Slow-cooked Pork with Cider and Wild Salsa Verde
500g diced free range pork shoulder
2 medium carrots, peeled and roughly diced
2 medium parsnips, peeled and roughly diced
½ a leek, washed and cut into round slices
6 – 8 shallots, peeled and halved
4 cloves of garlic, peeled and finely chopped
1 stick of celery, roughly chopped
3 bay leaves
A sprig of thyme
A sprig of rosemary
1 handful of kale, washed and finely shredded (remove the tough stalk from the leaf)

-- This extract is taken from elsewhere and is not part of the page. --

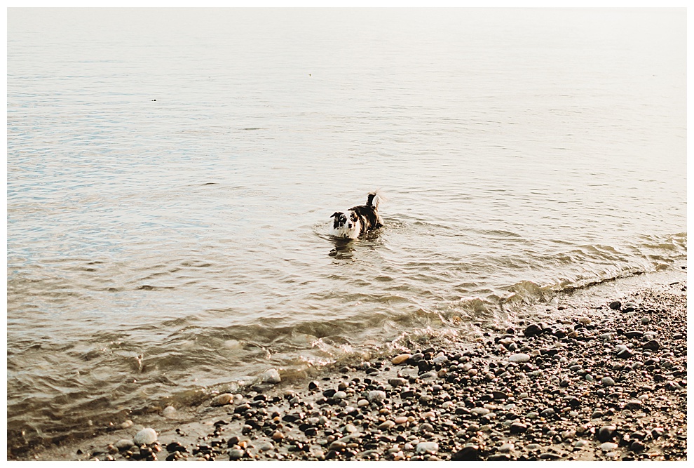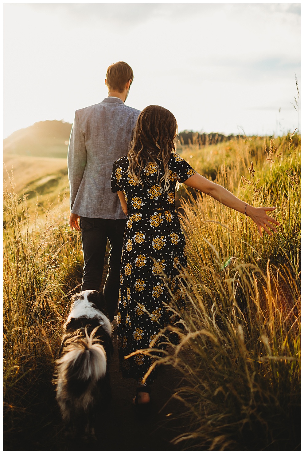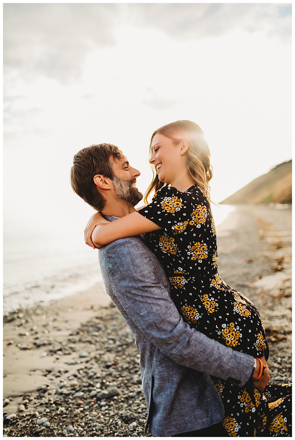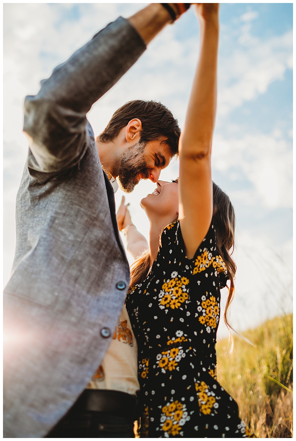We started off the session by walking along the beach, exploring and laughing while I took photos. Jenna + Nabil have the cutest dog, who was super sweet and more than happy to splash around in the water. The light was amazing and they were so relaxed and fun! They tried out some couples yoga poses on the sand, ran when I asked them to, danced in the grass, and just laughed and had a blast the entire time we were together. Nabil popped some champagne – which is my favorite way to celebrate an engagement session! – and their faces were priceless.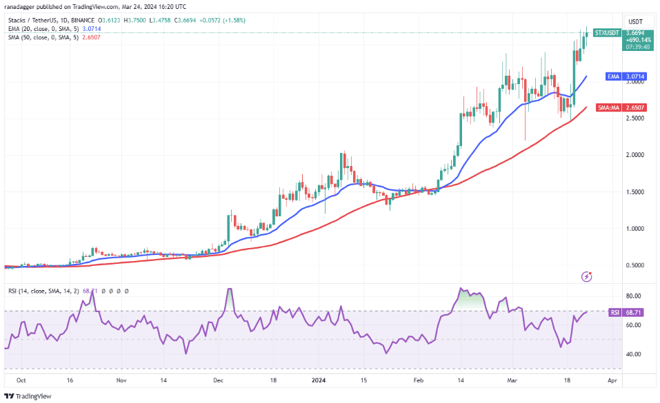 Mince Stacks (STX) je nyní nad rezistencí 3,4 USD. Oba klouzavé průměry míří pěkně nahoru a RSI se pohybuje v horní části pásma těsně pod hranicí překoupenosti. To naznačuje nadvládu kupujících a vzestupný trend s potenciálním růstem na 4,3 USD.

500ml (hot) organic or free range chicken stock
500ml still, medium cider
100g plain flour
Salt and pepper
In a heavy bottomed oven-proof casserole dish, melt the butter until it is starting to brown and sizzle. Add the shallots, leeks and garlic, and fry until starting to colour. Remove from the pan and set aside. If the pan has dried out, add another knob of butter or a slug of olive oil. Add the root vegetables and cook until lightly browned. Remove and set aside. Season the flour with salt and pepper and use to coat the pork. Add to the pan with more butter or oil if needed (more butter is always a good thing, I find). Cook until starting to colour and then remove and set aside. Deglaze the pan by adding a splash of cider, using a wooden spoon to scrape up any lovely crusty flavour bits. Replace all the ingredients in the pan, along with the bay leaves and thyme and rosemary (tied into a bunch using clean string). Pour over the rest of the cider and the stock, and give the whole thing a good stir. Put the lid on the casserole dish and place in a pre-heated oven at 180C. Cook for 2 hours, checking and stirring every thirty minutes or so. When the pork is falling apart, remove the dish from the oven, remove the bay leaves, thyme and rosemary, check the seasoning, and add the kale. Let the whole thing sit for ten minutes to cool a little (this allows the kale to cook through but remain crunchy), then ladle onto warm plates. Spoon over a little of the salsa verde and serve with crusty bread. This is, without doubt, my current favourite winter dish (this will change, as I am fickle).